Acoustic features for speech processing
Introduction
This post summarises acoustic features for various tasks of speech processing.
Automatic speech recognition (ASR) is one of the most studied speech
processing tasks. Acoustic features for ASR include Mel-frequency cepstrum
coefficients (MFCCs) and spectogram-based features including Mel-spectrograms
and Mel-filter banks. The choice of acoustic features depends on a choice of ASR model:
- Traditional machine learning (ML) models such as Gaussian mixture models (GMMs) have difficulties of handling correlated features and MFCCs are favourite for de-correlated coeffcients.
- More recent deep learning based models e.g., Conformer use acoustic feature vectors with correlation between neighbour dimensions: filterbanks.
- A popular model from OpenAI, Whisper, directly takes as input a log-Mel spectrogram which is technically the same representation as filterbanks (will be explained later).
- General purpose speech models including wav2vec2.0 process raw digital signal samples with convolutional layers.
MFCCs, filterbanks and log-Mel spectrograms are all derived from raw digital
signal samples. The choice of feature depends on the model architecture, but
understanding the characteristics of each is important.
My previous post describes the raw speech samples for anyone interested: https://yasufumimoriya.blogspot.com/2025/11/digital-signal-processing-basics.html
This post focuses on the process to generate Mel-spectrograms, Mel-filter banks and MFCCs from raw speech samples.
The Whole Picture
The steps to create MFCCs from raw speech:
- Raw speech samples
- wav2vec2.0 input
- Pre-emphasis
- Windowing
- Discrete Fourier Transform (DFT)
- Mel-filtering
- Logarithm
- filterbanks -> Conformer input
- Mel-spectrogram -> Whisper input
- Discrete Cosine Transform (DCT)
- MFCCs
- Gaussian mixture model (GMM) input
The next sub-sections provide code and visualisation of each step using the
audio file of
the JSUT corpus: BASIC5000_0001.
Pre-emphasis
The speech sounds naturally have higher energies at lower frequencies. This is
due to our vocal folds vibration (F0) generating more energies. The amount of
energy is generally in descending order of vowels, voiced consonants and
voiceless consonants.
Imagine when we ask for help in an emergency situation, we will shout at
people "hEEEEEElp", but not "HHHHHHHHelp". Our "h" sound will never be as
loud as your "e" sound.
Pre-emphasis boosts energy of a signal at higher frequencies and "flatten" the
overall shape of a waveform.
The figure illustrates the effect of pre-emphasis. On the top sub-plot, the
orange pre-emphasised waveform is flatter than the original waveform in blue.

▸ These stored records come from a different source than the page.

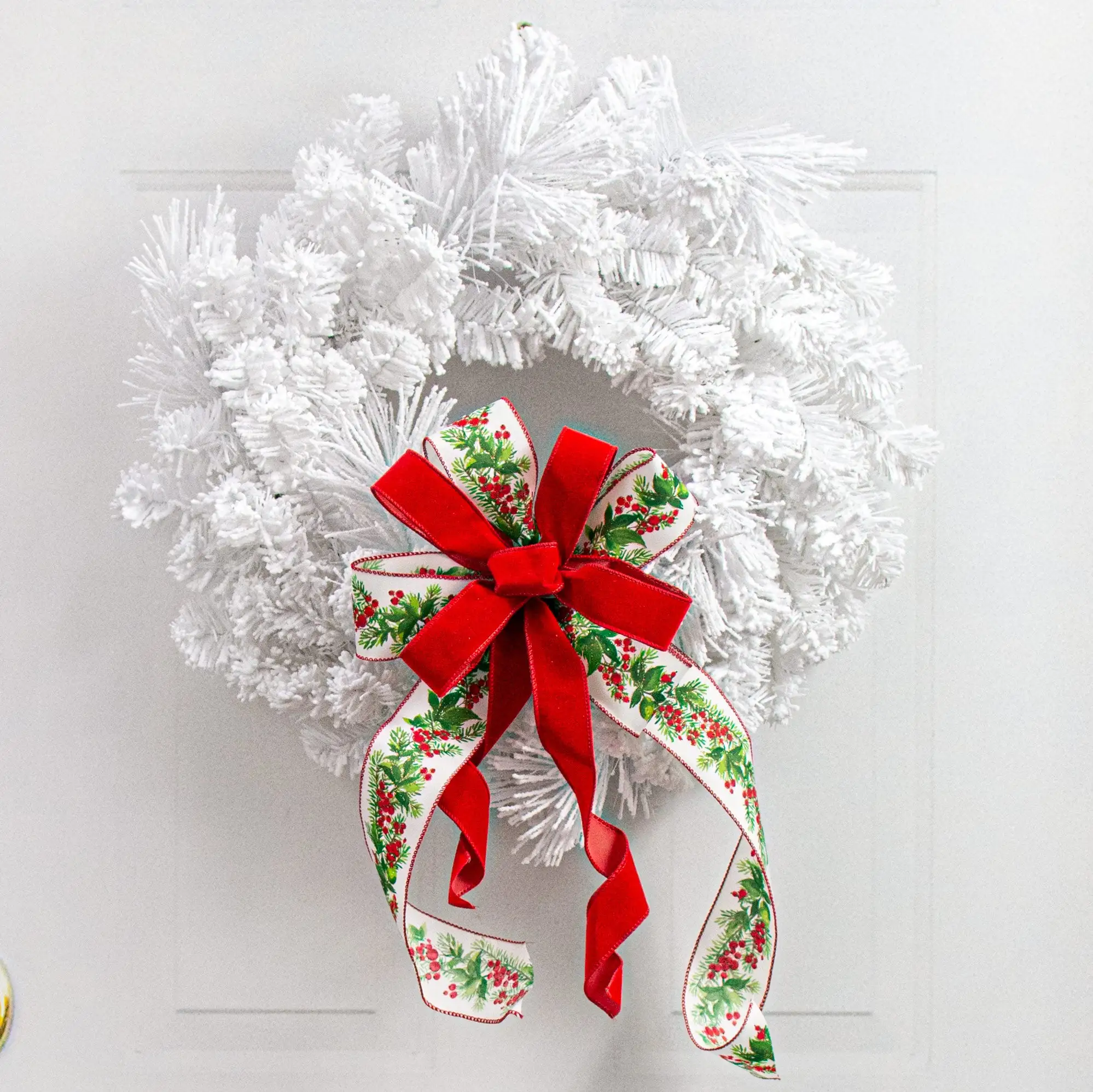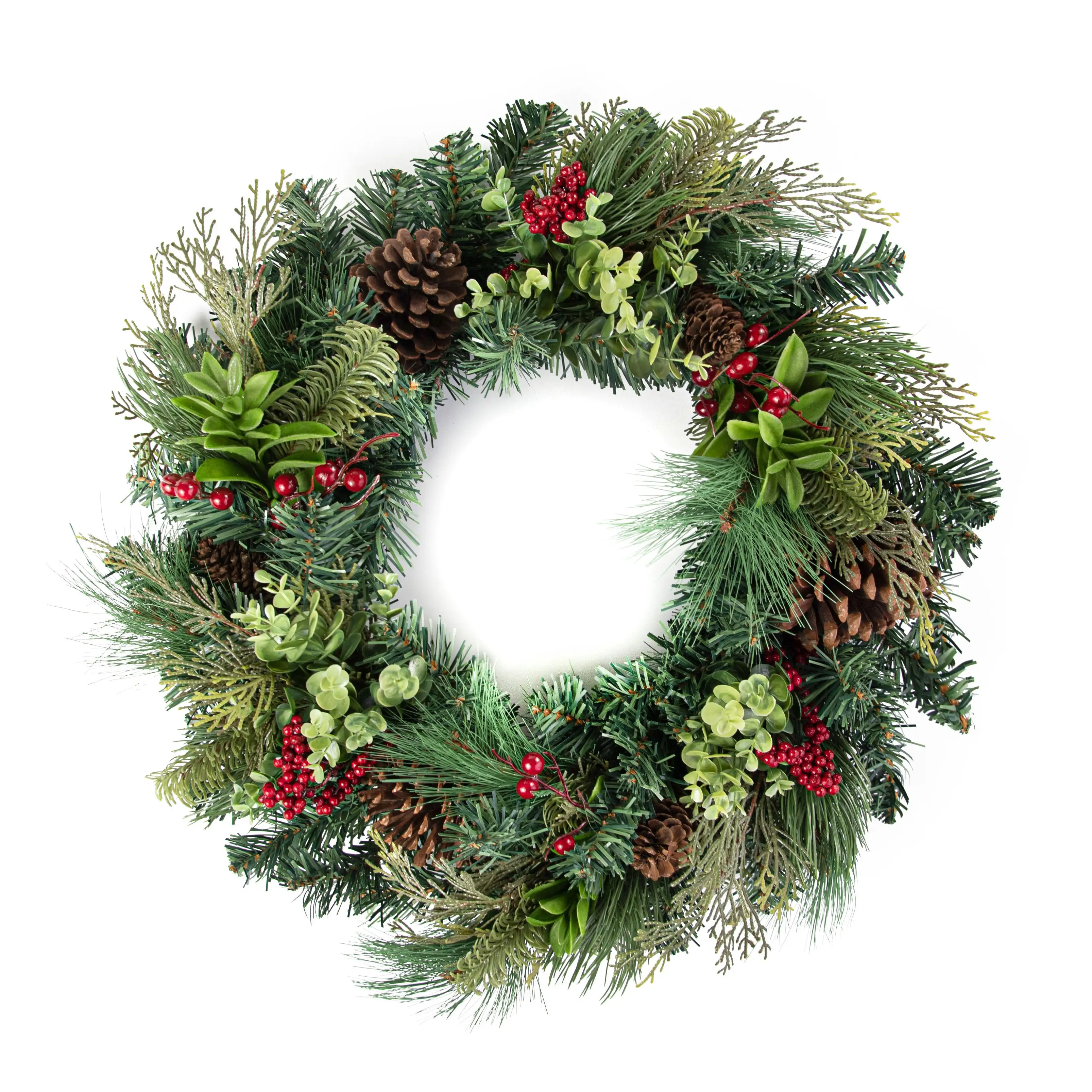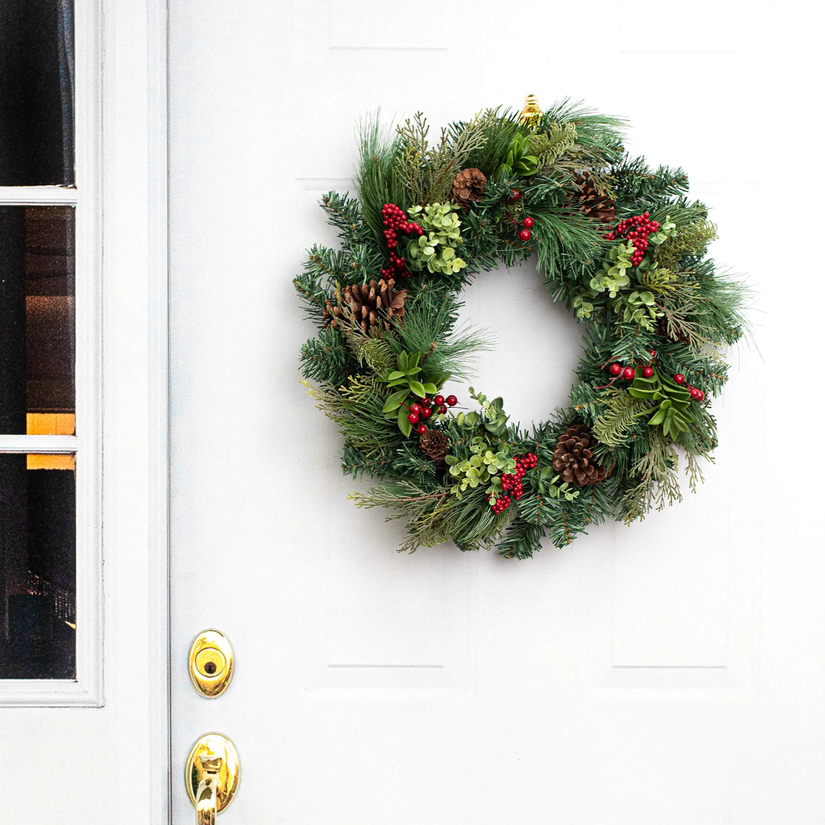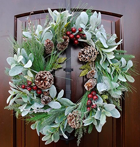 Rustic Country Christmas Door Wreath with Lambs Ear, Red Berries, Frosted Pine Branches and Pine Cones on Grapevine Base in 22" Diameter
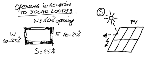 L'idée est de placer les ouvertures en tenant compte de l'ensoleillement de la façade. Pour une construction durable et Low-Tech, on peut prévoir 60 % d'ouvertures au nord, tandis qu'au sud, 20 % est plus souhaitable pour limiter la surchauffe. Les façades est et ouest étant également exposées au soleil, il serait préférable de n'avoir que 25 % d'ouvertures.
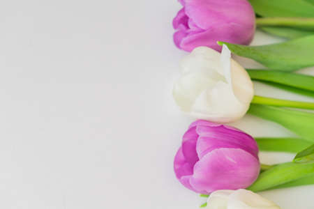 white and purple blooming tulips. floral background
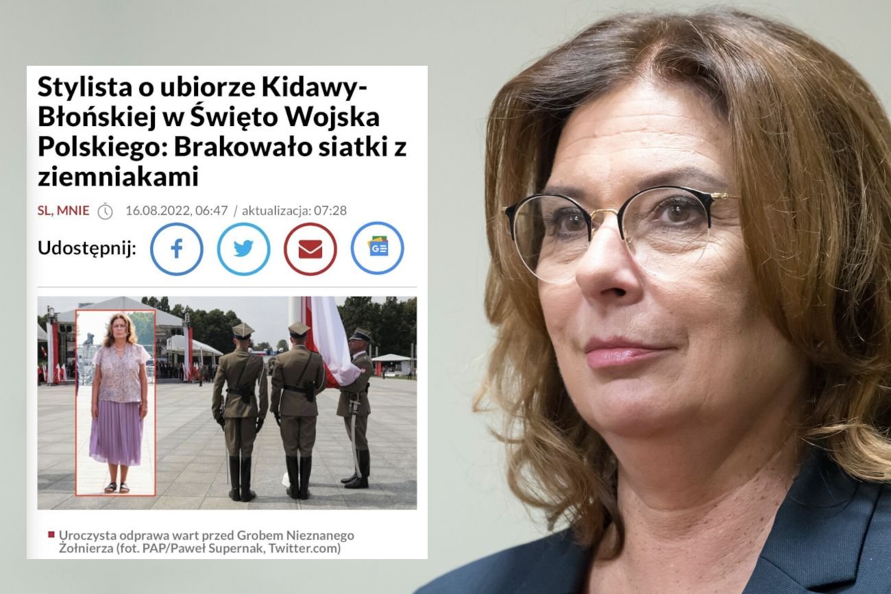 "Brakowało siatki z ziemniakami" - czytamy w apokaliptycznym nagłówku, który wiele wnosi do życia każdego Polaka. By czytelnicy mogli sami ocenić, czy zgadzają się ze zdaniem stylisty, w czerwonej ramce na ilustracji uwidoczniona została sylwetka Kidawy-Błońskiej. Polityczka jest ubrana w jasną bluzkę w łączkę, ma również lawendową spódnicę i sandały.
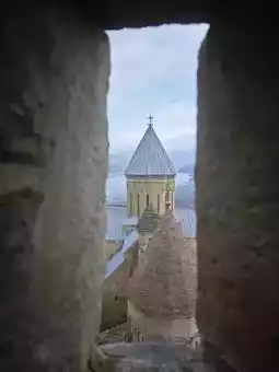 ⛪ Holy Trinity Church in Stepantsminda: This church stands majestically surrounded by mountains. Standing here, you can overlook the entire town and feel the magnificence and sacredness of nature.
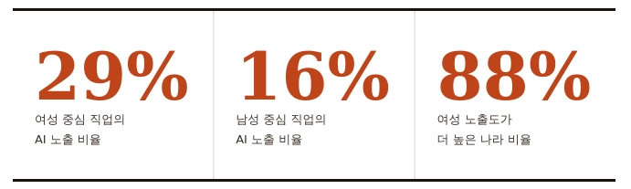 이러한 요인들 때문에 여성은 AI가 가장 잘 대체할 수 있는 역할에 집중되고, AI가 새롭게 만드는 기회는 더 누리기 어려운 구조에 처하게 됩니다.
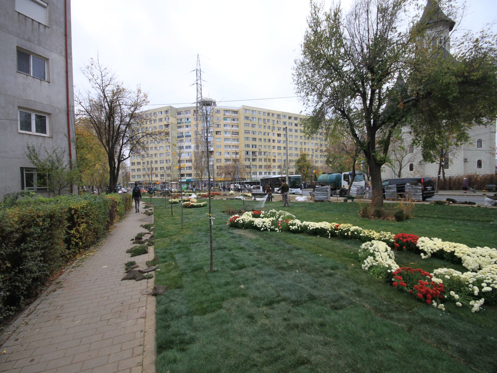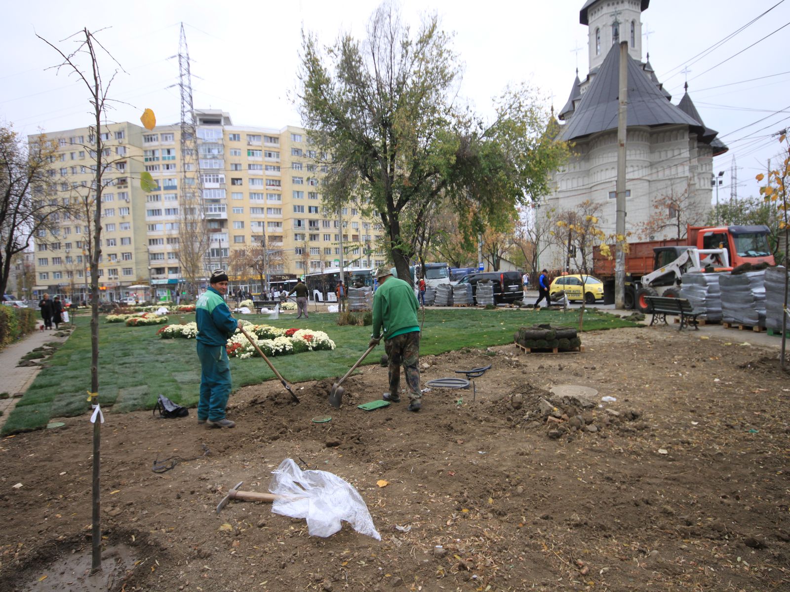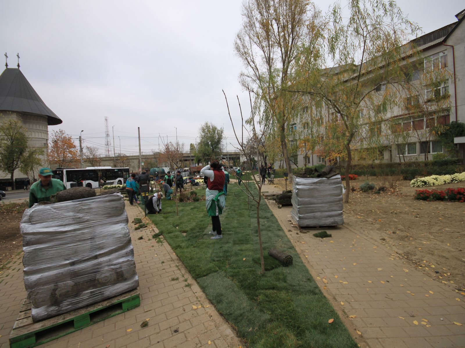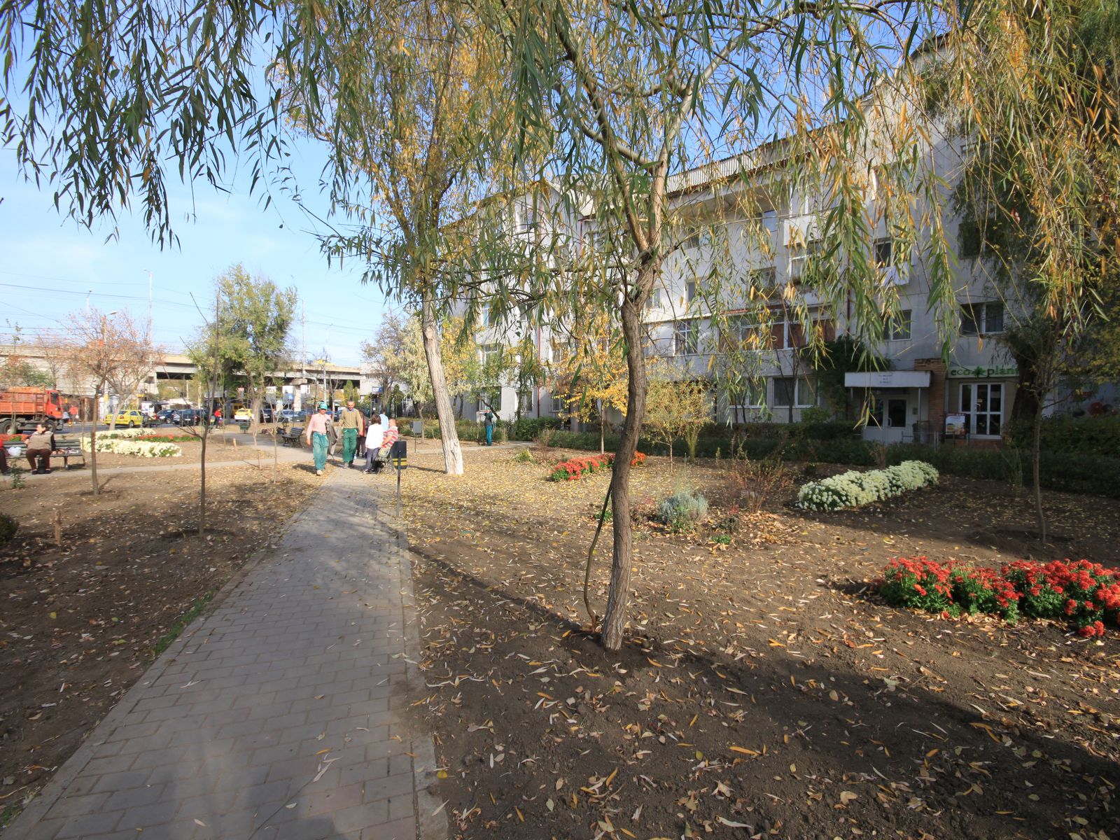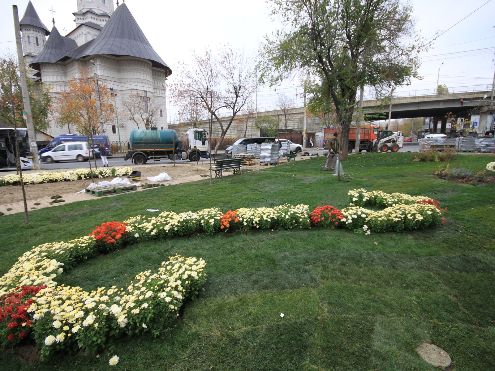 - Plantarea materialului dendrofloricol (arbuști, flori perene și de sezon cu frunziș colorat);

The bottom sub-plot shows the power spectrum of 400 samples (20 milliseconds
for 16,000 Hz) of a sliced signal. The spectrum of the pre-emphasised orange
signal has higher energy at higher frequencies than the original signal
without pre-emphasis.
This step helps a machine learning model to think that samples at higher
frequencies are human speech sounds rather than random noise captured in an
audio file.
Windowing
The second step of acoustic feature generation is windowing. This process
segments a signal into a sequence of fixed length short-time units,
called frames. The assumption of this process is that a speech
signal is stationary (stable) in a short time period. The resolution of the
Discrete Fourier Transform improves by focusing on a speech signal of a short
time period with periodic cycles from a single phone.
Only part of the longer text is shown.